=== GIVEN DATA ===
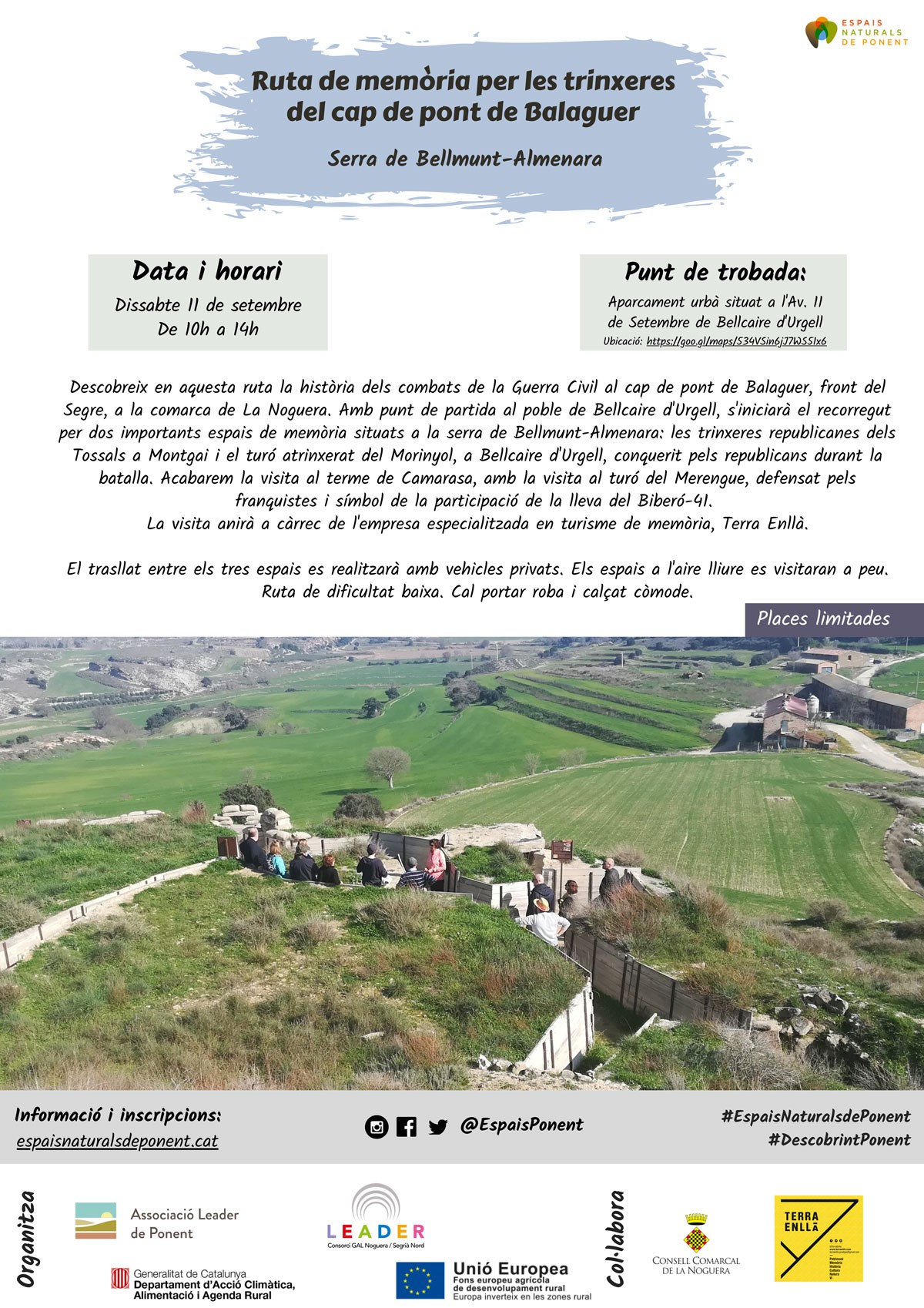 Aquest dissabte de 10 a 2 del migdia els Espais Naturals de Ponent organitzen una sortida des de Bellcaire per descobrir les trinxeres del Cap de Pont de Balaguer
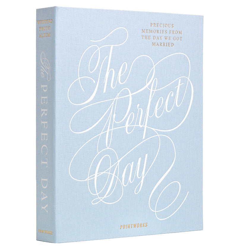Celebrate your most unforgettable moments with The Perfect Day wedding album in soft, featuring an elegant light blue cloth cover.
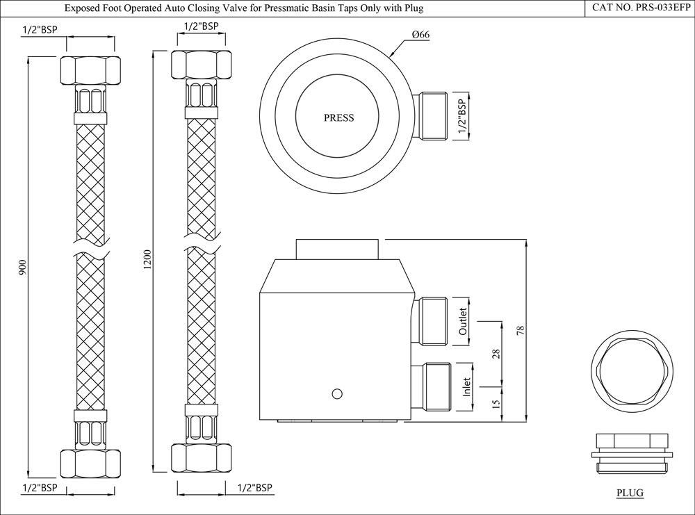 Exposed Foot Operated Non-concussive Valve for Pressmatic Basin Taps Only with Plug (Table Mounted Model) with Two 900 & 1200mm Long Braided Hoses with 15mm Nuts

=== WHAT YOU HAVE TO DO ===
Could you write out the whole listing exactly, dropping the pictures?

=== OUTPUT FOR THIS EXERCISE ===
 Aquest dissabte de 10 a 2 del migdia els Espais Naturals de Ponent organitzen una sortida des de Bellcaire per descobrir les trinxeres del Cap de Pont de Balaguer
Celebrate your most unforgettable moments with The Perfect Day wedding album in soft, featuring an elegant light blue cloth cover.
 Exposed Foot Operated Non-concussive Valve for Pressmatic Basin Taps Only with Plug (Table Mounted Model) with Two 900 & 1200mm Long Braided Hoses with 15mm Nuts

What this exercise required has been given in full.